When guests arrived at Evermay Estate on Friday evening there was a certain amount of oohing and ahhing. First-timers and return visitors alike were eager to see the newly decorated public rooms and the expansive garden. Ogling was to be expected in this grand early-19th-century mansion that has captured public imagination for years, but especially since last year, when it was bought by Japanese medical entrepreneurs Ryuji Ueno and Sachiko Kuno. The couple were there to greet the guests, to welcome them into what will eventually be their home but for now is where they celebrate their love of music.
Ueno and Kuno, through their S&R Foundation, last month launched a series of concerts at Evermay called Overtures. They feature performances before a small audience by promising young musicians, mostly but not exclusively Japanese. The concerts take place in the mansion’s largest room, probably once a ballroom, which has the intimate feel of a “salon,” bathed in light by a series of floor-to-ceiling arched windows. The music against the backdrop of the elegant garden views is a special pairing.

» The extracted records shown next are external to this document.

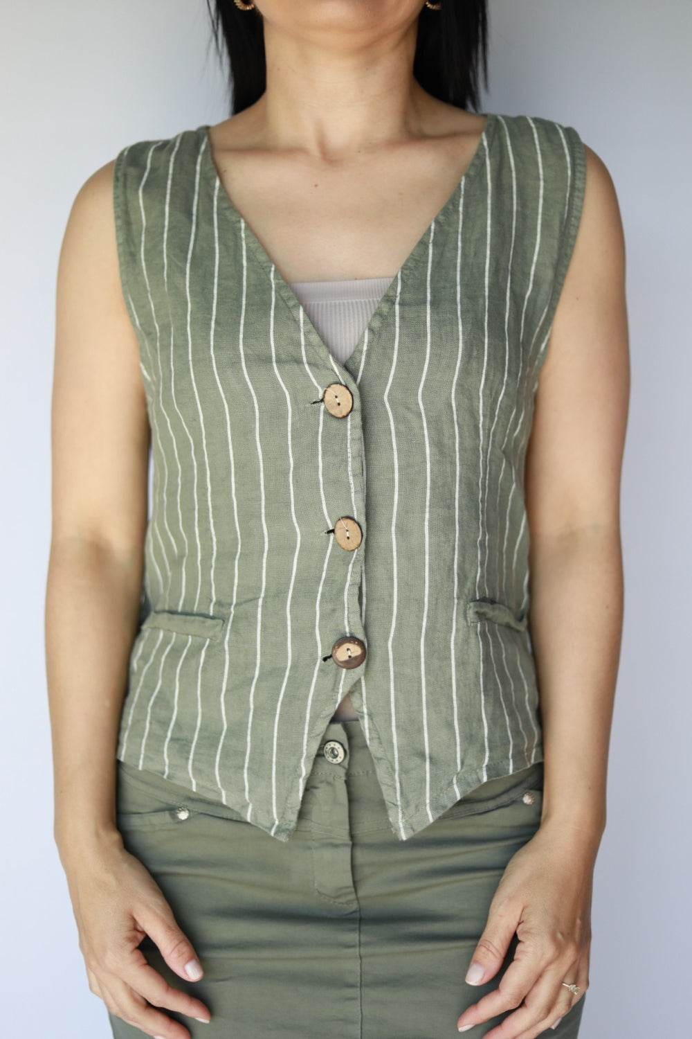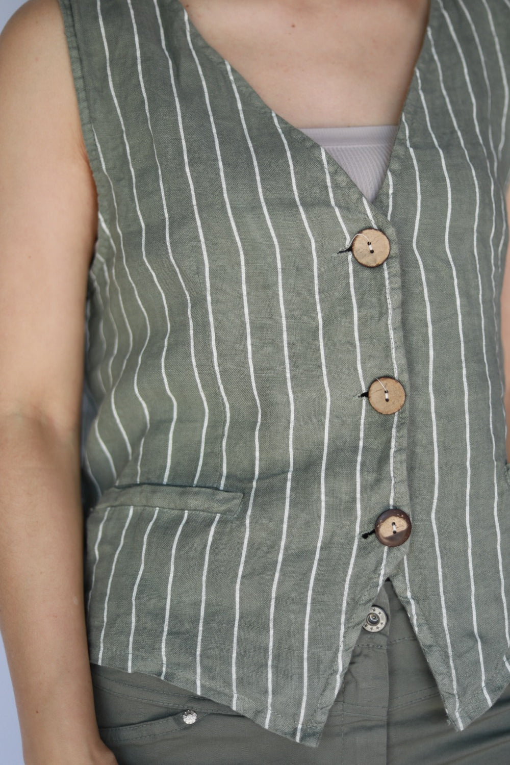 Sleeveless Linen Button-Up Vest – Olive Stripe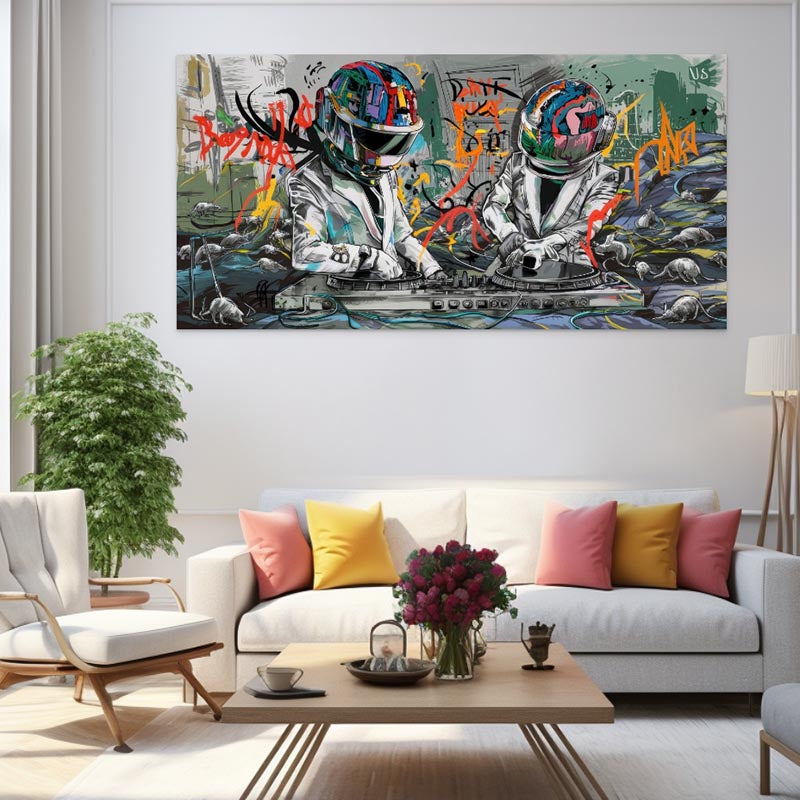 Vibrieren Sie im Rhythmus der Kunst mit dem Daft Punk Street Art-Gemälde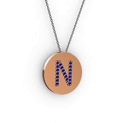 Lab safir 925 ayar rose altın kaplama gümüş kolye (40 cm gümüş rolo zincir)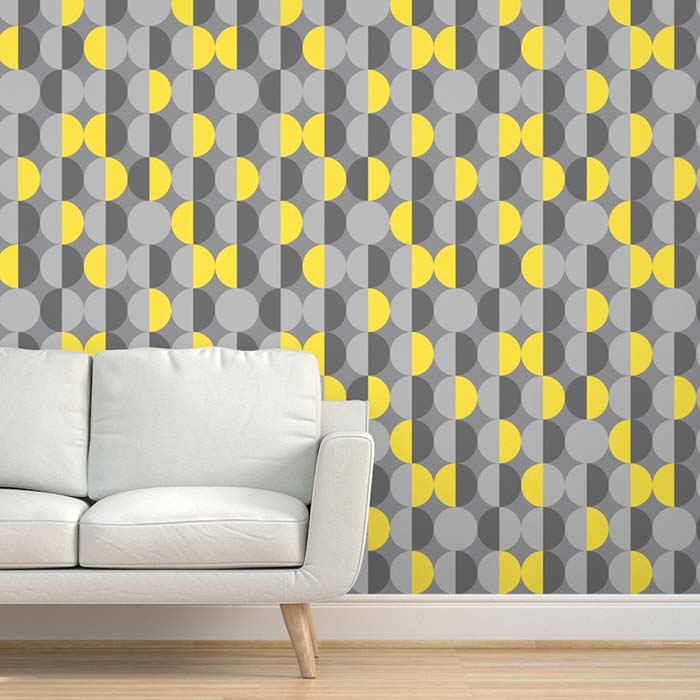 Mid-century modern retro circles yellow gray Removable Wallpaper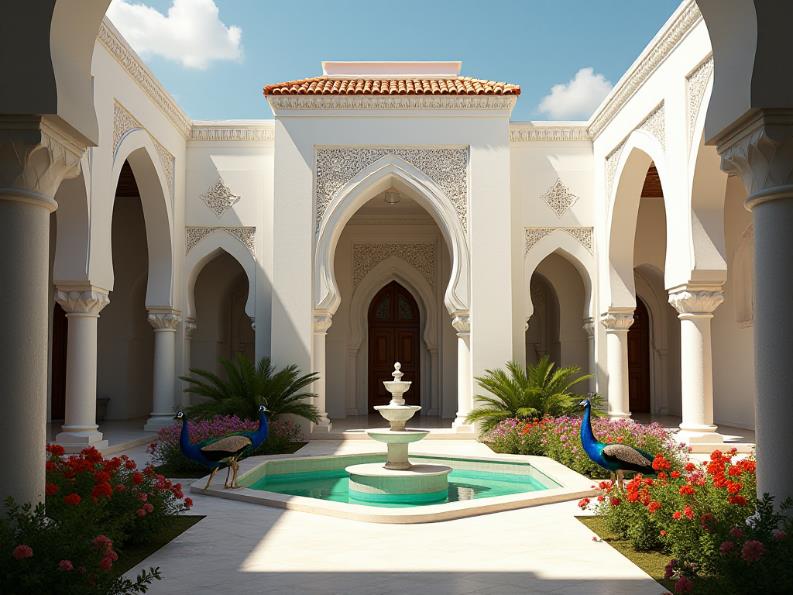 Резиденция шейха оказалась настоящим произведением искусства, где древняя архитектура встречалась с современной роскошью. Ослепительно белые стены, украшенные тончайшей резьбой и загадочными арабесками, обрамляли высокие арки, за которыми раскинулся внутренний двор с поющим фонтаном. Вода играла в солнечных лучах, рассыпаясь мириадами брызг, а вокруг цвели экзотические цветы, чьи алые и пурпурные лепестки казались каплями застывшего огня. По саду, словно живые драгоценности, неспешно прогуливались павлины, их хвосты переливались всеми оттенками изумруда и золота.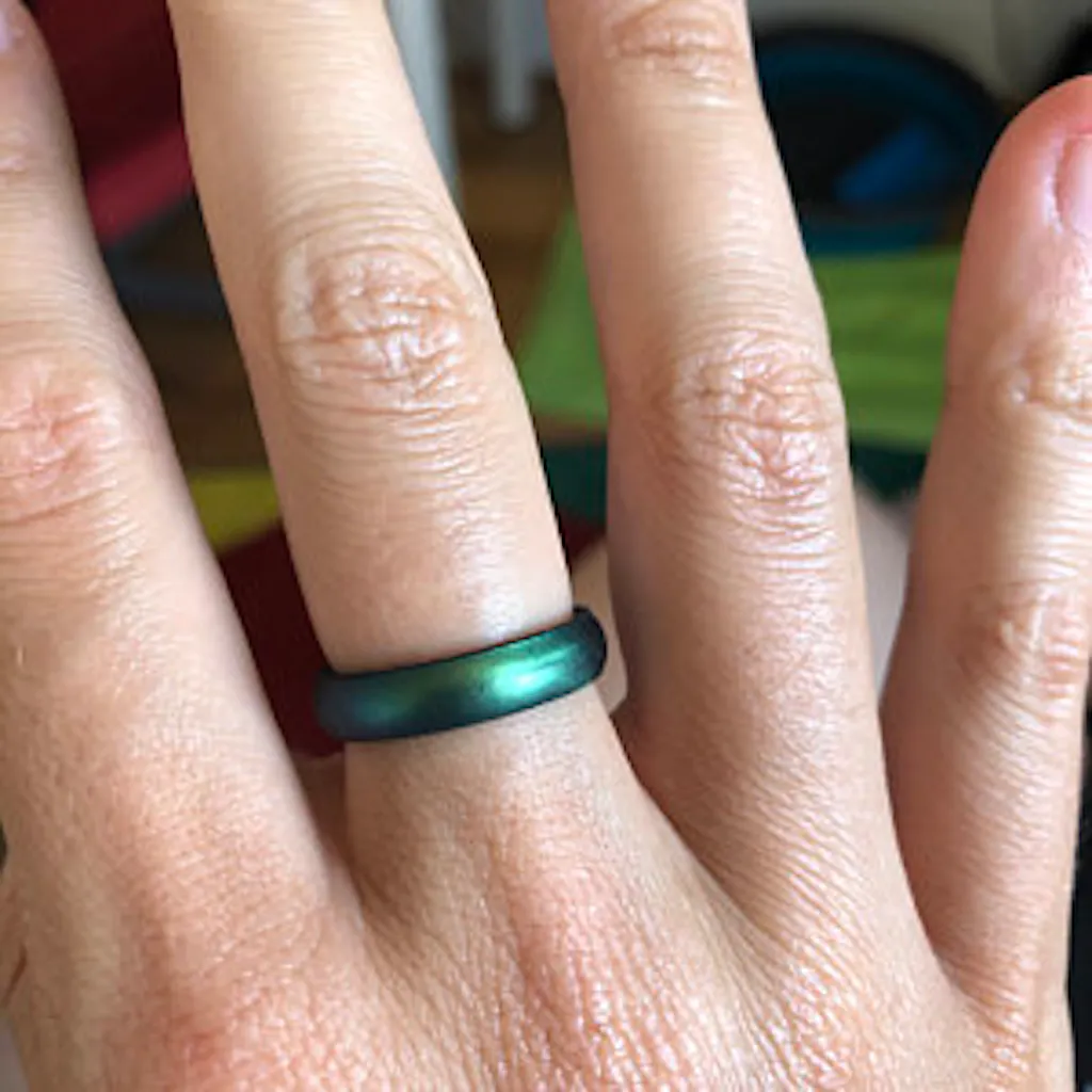 Crafted from 100% hypoallergenic, food-grade silicone, our rings are safe for all skin types. Even our metallic pigments are metal-free. Colors are infused throughout the ring - not just coated - so they stay vibrant, wear after wear.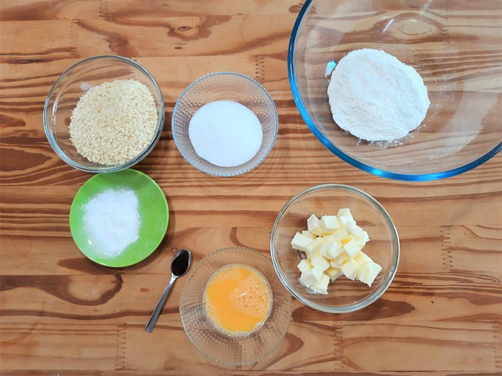Der Mürbeteig mit Mandeln ist nun fertig.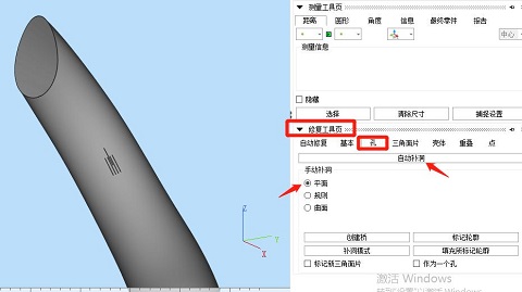 ④使用“修復工具頁”,選擇“孔”,選擇“平面”,對分割后的2個模型都進行自動補洞,也可以根據實際孔洞的起伏形狀來選擇“曲面”或“規則”來補洞。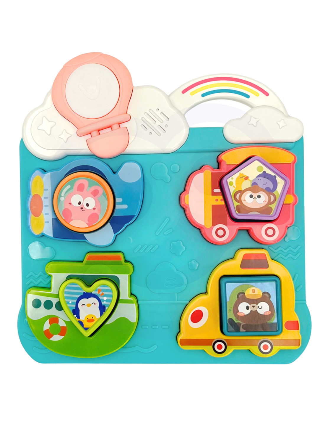 The interactive puzzle from WOOPIE is a charming educational toy designed with the youngest children in mind. It combines cognitive, sensory, and motor development, supporting a child's comprehensive development from the first few months of life. With its attractive colors, sounds, and interactive elements, the toy encourages toddlers to learn through play, while also developing their manual skills and ability to recognize shapes and colors.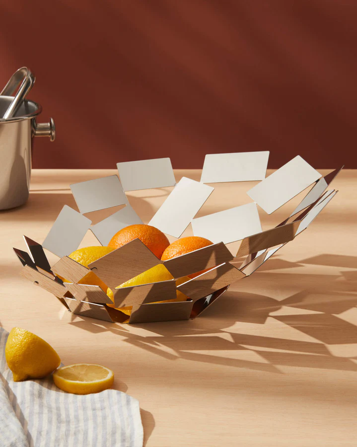 “La Stanza dello Scirocco” è una famiglia di oggetti che nasce attorno all’atmosfera astratta e immobile di un luogo magico: la stanza dove si è costretti a stare per ripararsi dall’afa, nelle vecchie grandi case di campagna in Sicilia, aspettando che lo scirocco si plachi. Ne è risultata una collezione di oggetti dalle geometrie aritmiche, composti da piccole schegge di dimensioni diverse, unite fra loro per punti in equilibrio instabile.

On Friday the performer was pianist Ryo Yanagitani, who put together a program of mostly rousing Chopin along with some contemplative Debussy. His resume is packed with accolades and awards, plus a Yale School of Music master’s and a doctoral degree on the way. He is a professor of piano at the University of British Columbia in Vancouver. He’s also a good showman—he likes to tell a story or two to add context to the music. His considerable skills were a nice match for the room and the view. If there’s anything to quibble about, it has to do with the room and not the performer. The many hard surfaces—large glass windows, wooden floors, bare brick walls—don’t offer much absorption, making the music perhaps too rousing. The owners may want to consider some sound baffles or even a few rugs.
The next, and last, concert features violinist Tamaki Kawakubo this Friday, August 17. It’s currently sold out, but it’s worth checking the website for possible cancellations. Kawakubo has played with the Russian National Orchestra, the Moscow Radio Symphony, the Tokyo Metropolitan Symphony, the Tel Aviv Chamber Orchestra, and the Yomiuri Symphony Orchestra. She made her Kennedy Center recital debut in 2009. Sachiko Kuno said she plans to resume the Overtures concerts in the winter.
Tickets for the concerts cost $50 and include the performance, plus a reception with wine and beer before the program and a light buffet after. It’s an altogether easy and relaxing evening. Given the parking headaches of Georgetown, it’s worth noting that Evermay has valet parking on the grounds.